Stettheimer was BFF with Georgia O’Keefe (the latter gave the eulogy at the former’s funeral!), a lifelong New Yorker, and an underappreciated modernist woman painter. She rarely parted with her work, and after her death in 1944, her sister donated the majority of her oeuvre to Columbia University, which meant next to zero of her paintings were in circulation for acquisition. So this is a big deal! Donated by famed egyptologist William Kelly Simpson in honor of his parents, this Stettheimer is super rare. Despite being well-connected with famous patrons, her work was considered “too feminine” (what a surprise!), so the fact that she’s having a moment now is a small act of feminist revisionist art history. We’ll take it.

SURPRISING/HUH?

Jeremy Blake
Liquid Villa, 2000 Animation, sound, looped Gift of Cristina Enriquez-Bocobo 2018.104

As an early pioneer of video art, Blake’s “moving paintings” have been shown since his death in the early 2000s. The saga of Jeremy Blake and his partner, Theresa Duncan, is one that haunts the East Village. In 2007, video game designer Duncan and Blake, a rising video artist and album art designer (remember these stunning opening visuals for Punch Drunk Love?), killed themselves in what seemed like a lover’s pact. Liquid Villa is an important chunk of proto-internet art and was last shown at the Standard Hotel in Los Angeles, the city in which Duncan found his fortune before returning to New York. The acquisition is a solid move to further legitimate video and internet art.

Installation view of Bunny Rogers: Brig Und Ladder (Whitney Museum of American Art, New York, July 7–October 9, 2017). From left to right: Columbine Auditorium seating, 2017; A Very Special Holiday Performance in Columbine Auditorium, 2017; Tilikum body pillow, 2017. Photograph by Bill Orcutt

Bunny Rogers

A lot of eggs are in young Bunny Rogers’s basket—three purchases and one gift to be exact. Primed to be this generation’s Next Big Thing, her acquisition marks a milestone in the young artist’s career and seals her fate as a mythical figure in the post-internet art world (if that’s even a thing?). Three of the four acquisitions are pieces from her 2016 installation, Columbine Cafeteria, which created a mythical consideration of the Columbine High School shootings that happened in 1999, when the artist was...nine years old. The museum nabbed the whole front room of the installation, including Cafeteria Wardrobe (2016), A Very Special Holiday Performance in Columbine Auditorium (2016), the video piece which includes a cat character singing “Memory” from the musical CATS, and Columbine Auditorium Seating (2017). Okay.

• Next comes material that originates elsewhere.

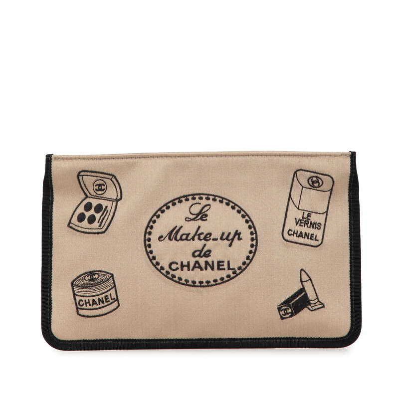 シャネル コスメ柄 ポーチ ベージュ サテン レディース CHANEL 【中古】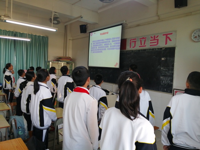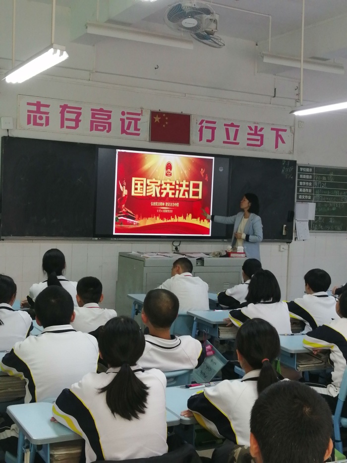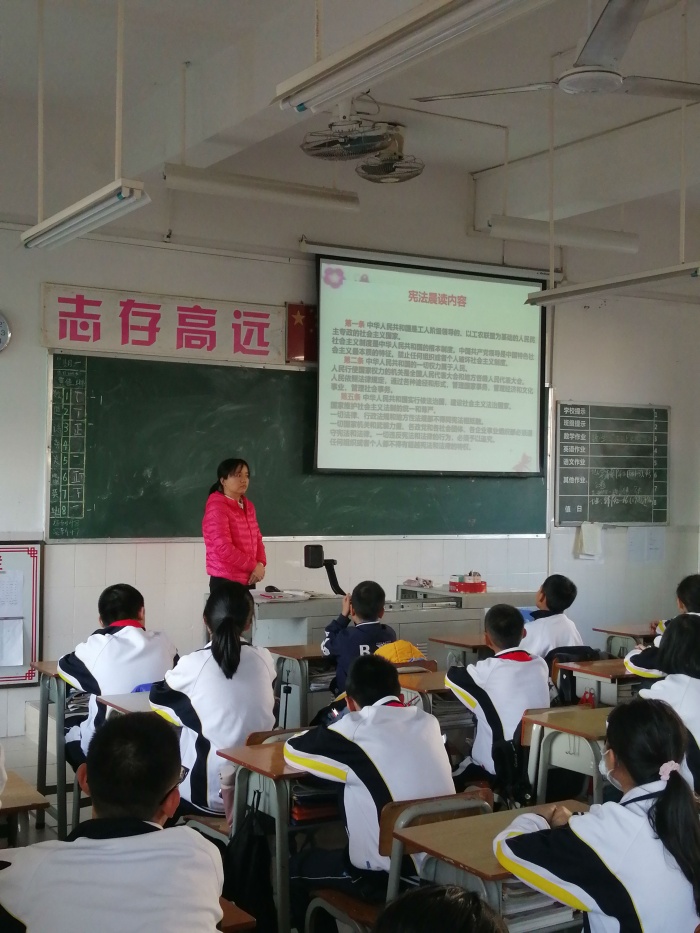 12月3日上午班主任们积极组织同学们通过“青少年普法网”,一起观看教育部在北京举办的“宪法晨读”活动。伴随着朗朗的诵读声,同学们不仅温习了宪法知识,更深切地感受着宪法的神圣不可侵犯。班会课上,各班班主任用不同的教育形式来树立学生守法的观念。

Ivana Bašić (b. 1986), SOMA, 2016. Video, color, silent, 7:44 min. and wax sculpture, with weight, pressure, oil paint, rigidity, silicone, stainless steel, elastic bands, and ceiling mount. Whitney Museum of American Art, New York; purchase with funds from Anne and Joel Ehrenkranz 2018.18.1-2a-b. © Ivana Bašić

Ivana Bašić
SOMA, 2016

Croatian actress-turned-artist Bašić’s work was apparently everywhere in 2017 but hasn’t been seen since! What happened? The acquisition was a direct purchase, which is to say the museum deliberately picked it in 2017, at the height of her popularity. Maybe her star is still rising?